Carbonyl bromide, also known as bromophosgene by analogy to phosgene, is an organic chemical compound. It is a decomposition product of halon compounds used in fire extinguishers.[2]

Reactions

Carbonyl bromide is formed when carbon tetrabromide is melted and concentrated sulfuric acid is added.

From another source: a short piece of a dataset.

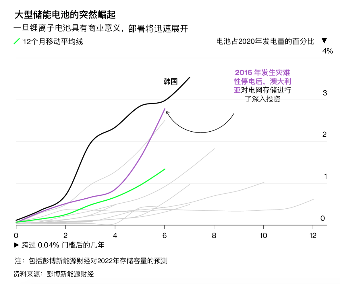 韩国是目前储能电池渗透率增长最快的国家。澳大利亚超过临界点已有6年,在2016年发生灾难性停电后,澳大利亚就对电网储能进行了大规模投资。
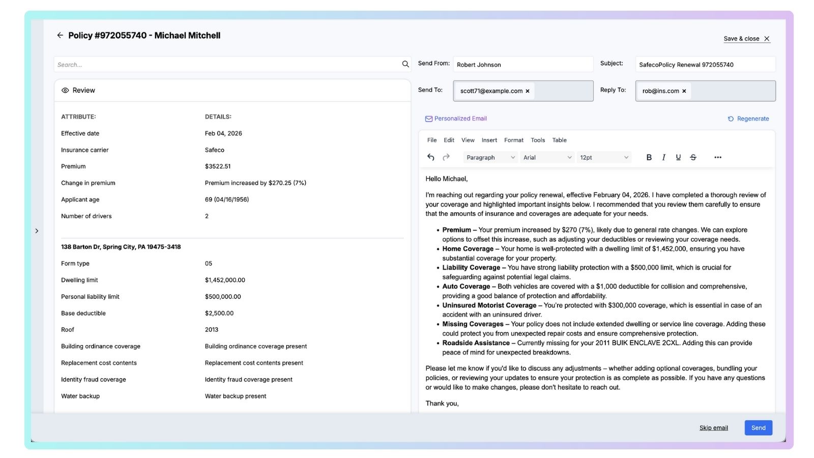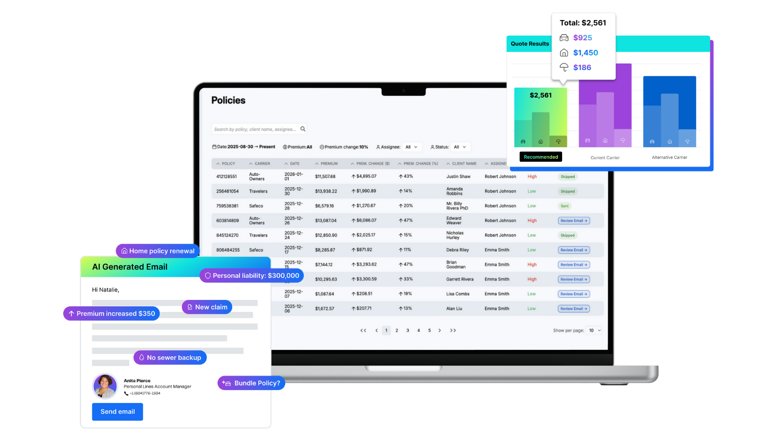 - Integrated communications: Quandri Connect uses AI to draft personalized, policy-specific renewal emails so proactive client outreach becomes automatic and consistent.

In contrast to phosgene, carbonyl bromide cannot be produced efficiently from carbon monoxide and bromine. A complete conversion is not possible due to thermodynamic reasons. Additionally, the reaction

CO + Br₂ ⇌ COBr₂

processes slowly at room temperature. Increasing temperature, in order to increase the reaction rate, results in a further shift of the chemical equilibrium towards the educts (since Δ_RH < 0 and Δ_RS < 0).[3]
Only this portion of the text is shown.